Caleb Sima is the co-founder of SPI Dynamics, a web application security products company. He currently serves as the CTO and director of SPI Labs, SPI Dynamics' R&D security team. Prior to co-founding SPI Dynamics, Caleb was a member of the elite X-Force R&D team at Internet Security Systems, and worked as a security engineer for S1 Corporation. Caleb is a regular speaker and press resource on web application security testing methods and is a co-author of the book titled "Hacking Exposed Web Applications: Web Security Secrets & Solutions, Second Edition".

About Vincent Liu

Vincent Liu, CISSP, CCNA, is the managing director at Stach & Liu, a professional services firm providing advanced IT security solutions.
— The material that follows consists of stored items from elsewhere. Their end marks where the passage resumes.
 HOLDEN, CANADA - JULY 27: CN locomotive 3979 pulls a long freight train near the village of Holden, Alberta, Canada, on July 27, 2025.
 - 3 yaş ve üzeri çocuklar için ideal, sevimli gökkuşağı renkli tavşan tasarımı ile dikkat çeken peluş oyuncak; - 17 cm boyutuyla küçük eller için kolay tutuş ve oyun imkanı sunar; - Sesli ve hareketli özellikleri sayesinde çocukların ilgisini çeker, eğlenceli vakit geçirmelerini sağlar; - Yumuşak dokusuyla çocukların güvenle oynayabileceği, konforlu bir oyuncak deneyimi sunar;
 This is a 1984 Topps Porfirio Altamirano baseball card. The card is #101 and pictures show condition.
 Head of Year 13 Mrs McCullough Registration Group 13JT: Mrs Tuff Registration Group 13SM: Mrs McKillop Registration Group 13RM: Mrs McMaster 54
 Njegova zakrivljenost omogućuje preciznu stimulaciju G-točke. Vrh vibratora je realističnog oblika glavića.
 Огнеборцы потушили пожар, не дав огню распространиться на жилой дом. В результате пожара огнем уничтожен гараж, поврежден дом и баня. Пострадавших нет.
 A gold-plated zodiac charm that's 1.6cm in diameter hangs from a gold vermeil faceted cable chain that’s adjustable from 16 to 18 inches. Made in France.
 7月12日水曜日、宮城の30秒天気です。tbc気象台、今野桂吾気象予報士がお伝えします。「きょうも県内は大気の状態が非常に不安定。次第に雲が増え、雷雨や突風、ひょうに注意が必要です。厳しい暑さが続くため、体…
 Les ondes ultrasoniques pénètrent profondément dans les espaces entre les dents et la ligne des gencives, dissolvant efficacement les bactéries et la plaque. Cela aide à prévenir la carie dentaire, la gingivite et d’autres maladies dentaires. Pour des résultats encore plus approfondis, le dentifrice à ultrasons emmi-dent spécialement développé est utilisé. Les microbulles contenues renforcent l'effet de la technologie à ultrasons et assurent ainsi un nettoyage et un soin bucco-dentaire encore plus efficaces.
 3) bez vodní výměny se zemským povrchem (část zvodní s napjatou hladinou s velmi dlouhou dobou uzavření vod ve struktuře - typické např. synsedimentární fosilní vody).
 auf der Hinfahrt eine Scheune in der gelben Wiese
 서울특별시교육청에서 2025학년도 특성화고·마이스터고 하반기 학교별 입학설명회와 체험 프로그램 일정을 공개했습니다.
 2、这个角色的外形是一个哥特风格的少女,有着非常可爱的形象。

Before founding Stach & Liu, Vincent led the Attack & Penetration and Reverse Engineering teams for the Global Security unit at Honeywell International. Vincent is an experienced speaker and has presented his research at conferences including BlackHat, ToorCon, and Microsoft BlueHat. He has been published in interviews, journals, and books with highlights including: "Penetration Tester's Open Source Toolkit; Writing Security Tools and Exploits; Sockets, Shellcode, Porting, and Coding; and the upcoming Hacking Exposed: Wireless".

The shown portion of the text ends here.